Application Request Routing: Why some sites return HTTP 404 some don't?

2k Views Asked by At

I want to add a load balancer to an existing asp.net project using Application Request Routing. So I made myself familiar with the concepts and created a local test-setup:

  • IIS locally running on Windows 10:
    • Installed Application Request Routing 3.0 with Windows Platform Installer
    • Created server farm with following servers:
      1. <test-server-name>.de (Microsoft 2012 R2 Server: contains the asp.net project)
      2. www.google.com (just to see if load balancing and url rewriting works because I don't have two test servers available)

URL-Rewriting rule: url rewrite rule

After typing localhost multiple times in any browser, I can see that load balancing (weighted round robin) is working fine. It's alternating between 1. and 2. website.

The problem I'm facing is a 404 Error on both websites. enter image description here

I already tried the following:

  • Installing and enabling Failed Request Tracing Rules (on local IIS): URL Rewriting is working properly i think.
    Failed Request Log for www.google.com: google drive, unzip and open xml in e.g. IE for better view

  • Create Server Farm without automatic creation of URL Rewrite rulesenter image description here

    (selecting No and create own URL Rewrite rule)

  • Change "Managed Pipeline Mode"-setting of Applcation Pool from Integrated to Classic

  • Healthcheck on other Websitesenter image description here I have absolutly no clue why it's working on Git-websites and why facebook is returning a 400 error code.

  • Enabling/disabling proxy (IIS-Manager -> Application Request Routing Cache -> Server Proxy Settings...)

I don't know what i could do next, so I appreciate any help. Thanks.

1

There are 1 best solutions below

0
On BEST ANSWER

Answer can be found here: https://forums.iis.net/t/1238739.aspx?Why+some+sites+return+HTTP+404+some+don+t+

Some websites simply don't support localhost as hostname, which is why localhost can't be found (error 404) e.g. on google.com

Detailed answer if link above is not working in future:

That is not an effective test.

What you are doing is sending the hostname of your request to the third party servers. Like Google.

So if your request is say http://example.com you are sending this to say www.google.com and the Google servers will likely reject this as you can see

Web server admins generally don't let themselves receive traffic from domain thet do not host.

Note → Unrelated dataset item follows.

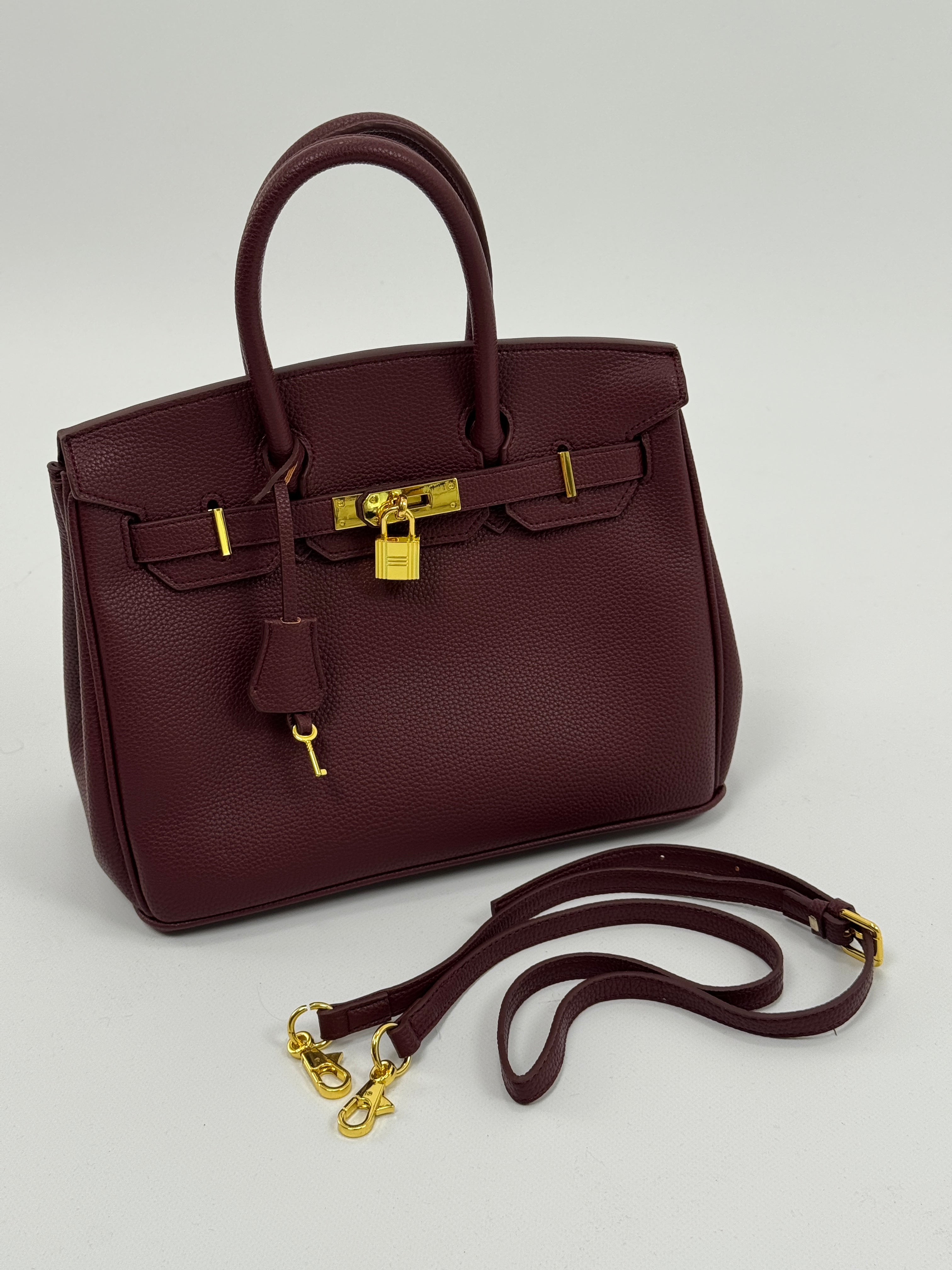 Borsa ampia bordeaux effetto pelle martellata con due manici, chiusura con fibbia e lucchetto, pendaglio con chiave, tracolla in dotazione e tasca interna con zip.

If you sent a request to my servers IP with mysite.com I too would likely reject it. (Things get complex if you have wildcard sites and you allow all traffic through)

But simply showing that 404 page from Google means tour request hit there server so that implies ARR is working.

If you really wanted to test it this way have a local host file with www.google.com resolving to your servers IP. Set up a site with www.google.com as the hostheader and then you should see the correct info hitting Google. But there is no accounting for what 3rd party admins do on their side.